The weak U.S. dollar, high freight costs, tight growth in supplies from Australia due to port congestion, and strong global demand for steel has made "U.S. metallurgical coal very attractive," Kohler says. "This is the first year that they have received inquiries from Asian consumers."

The real overhang on Massey's stock, Heartland portfolio manager Evans says, is the "fear and concern about the potential adverse effects of litigation" for violating the Clean Water Act in a suit by the Environmental protection agency.

Evans denounces the lofty estimates of $2 billion in fines for thousands of alleged violations and says, "I think the market is overreacting."

Massey CEO Blankenship says: "We feel that the government is being unreasonable" and that concerning this lawsuit he is "very comfortable it is immaterial."

Third-party consultants peg Massey's liabilities at $1.5 million to $7 million. Blankenship, whose estimates range from no fines to $1 million, says that Massey could have settled out of court but opted not to in order to set precedence for other cases.

Another lawsuit is trying to rescind permits allowing for mountain-top mining in West Virginia.

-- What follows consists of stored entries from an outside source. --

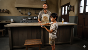 Samuel se detuvo. Miró a Javier y luego al pequeño Leo, quien ya saboreaba un trozo de pan con la inocencia de quien se siente protegido. La respuesta de Samuel fue un puñal de sabiduría para el espectador:
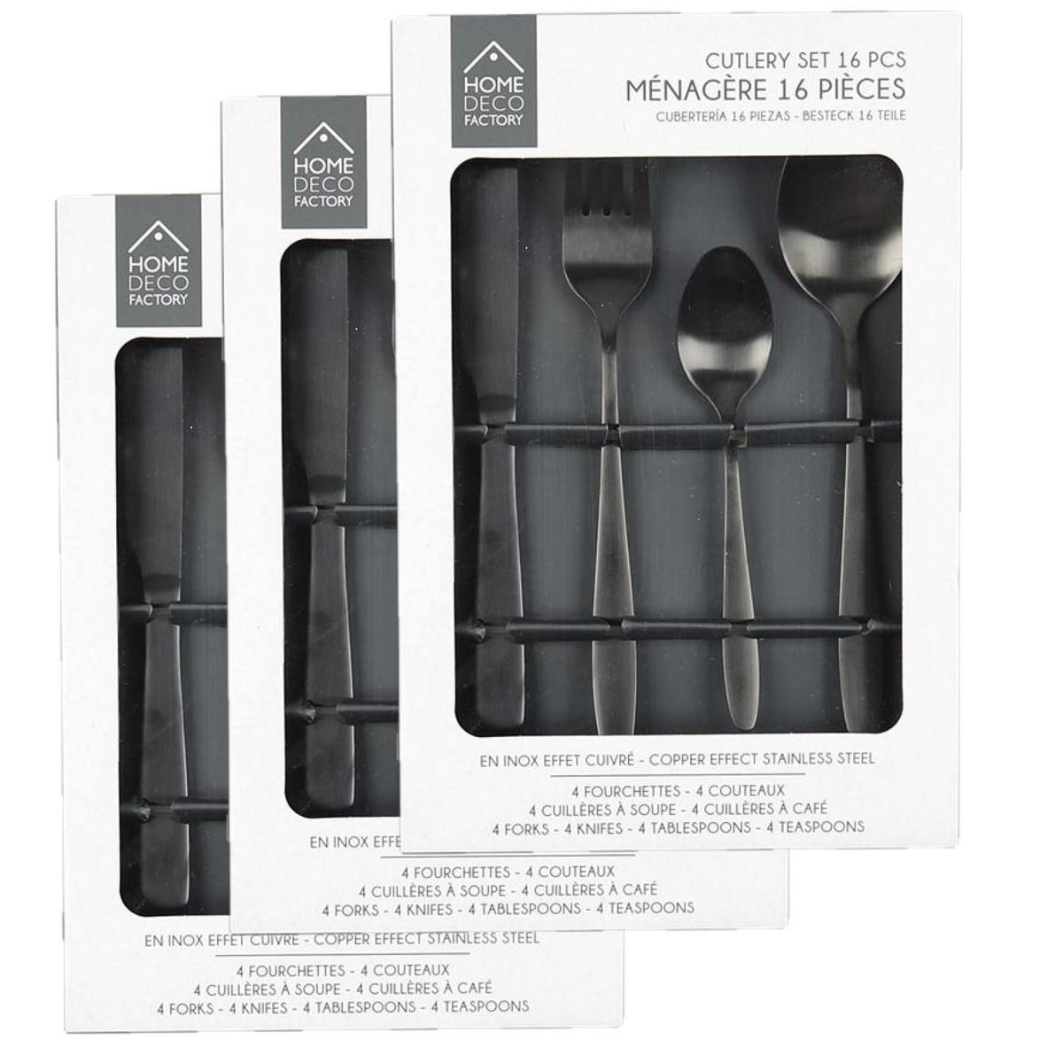 Vous adorez surprendre vos convives autour d'une belle tablée ? Testez ce lot de 3 ménagères composée de 48 couverts cuivrés en inox. Le succès sera au rendez-vous.
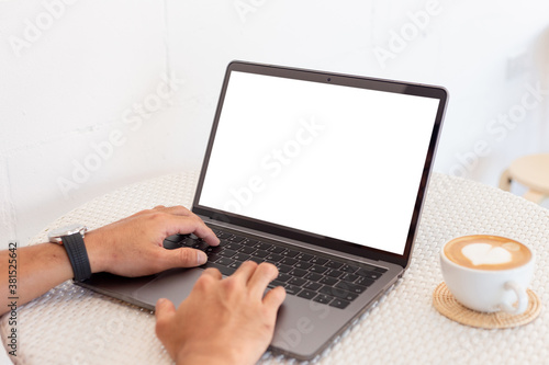 computer mockup blank screen.hand woman work using laptop with white background for advertising,contact business search information on desk at coffee shop.marketing and creative design
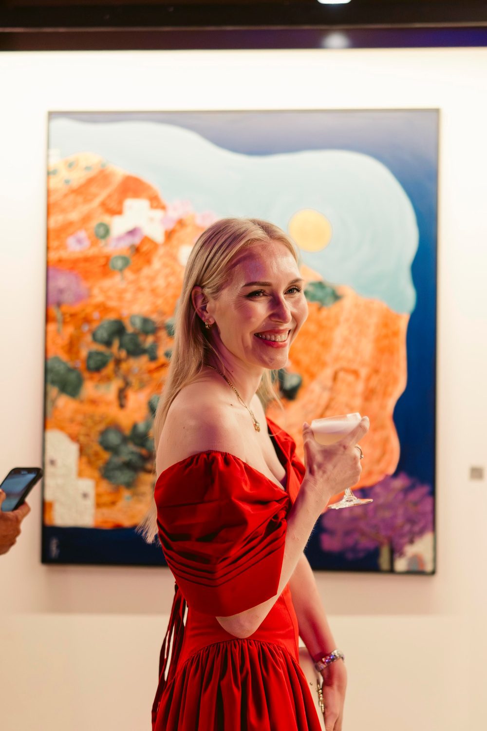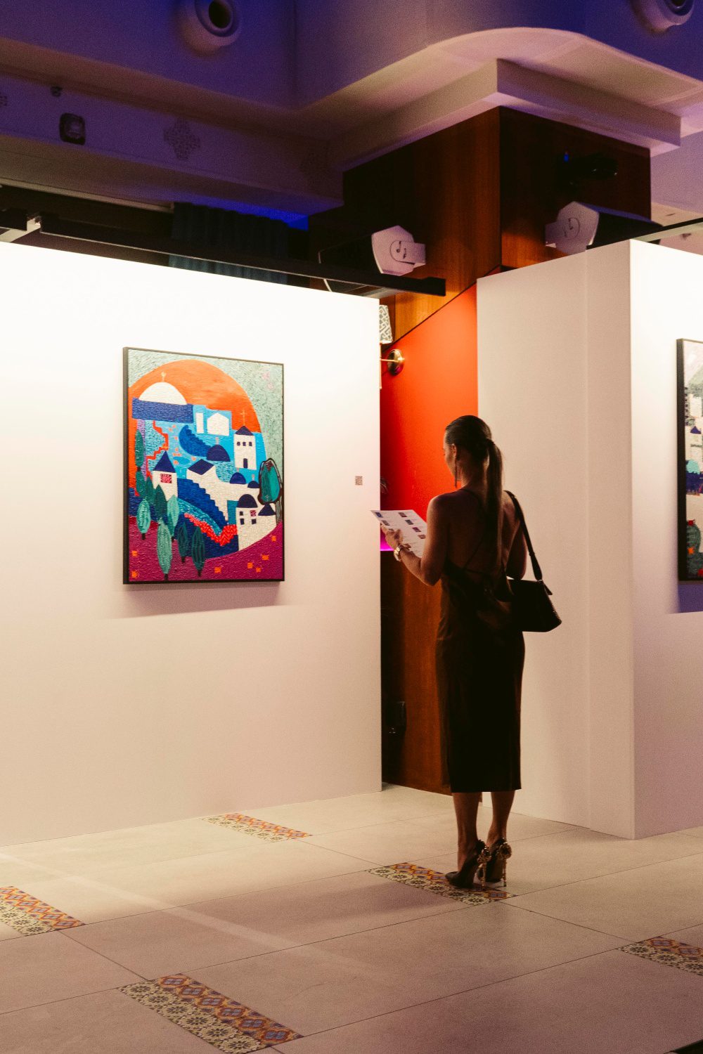 The gallery hosts monthly rotating exhibitions featuring works by world-renowned artists, curated to run for the full duration of each month. Guests dine alongside museum-level artwork, making art a permanent and intentional part of the restaurant.

Blankenship expects the issue to be resolved and says that Massey has the ability to shift to other reserves to shore up production.

Certainly, a further pullback in coal prices, high costs related to regulations and law suits or other economic pressures could derail Massey's growth picture.

However, Bear Stearns analyst Dudas says that so far it looks like that Massey's strong balance sheet, overall consumer demand for metallurgical coal, and the weak dollar offer "some positive catalysts that should help move the stock higher."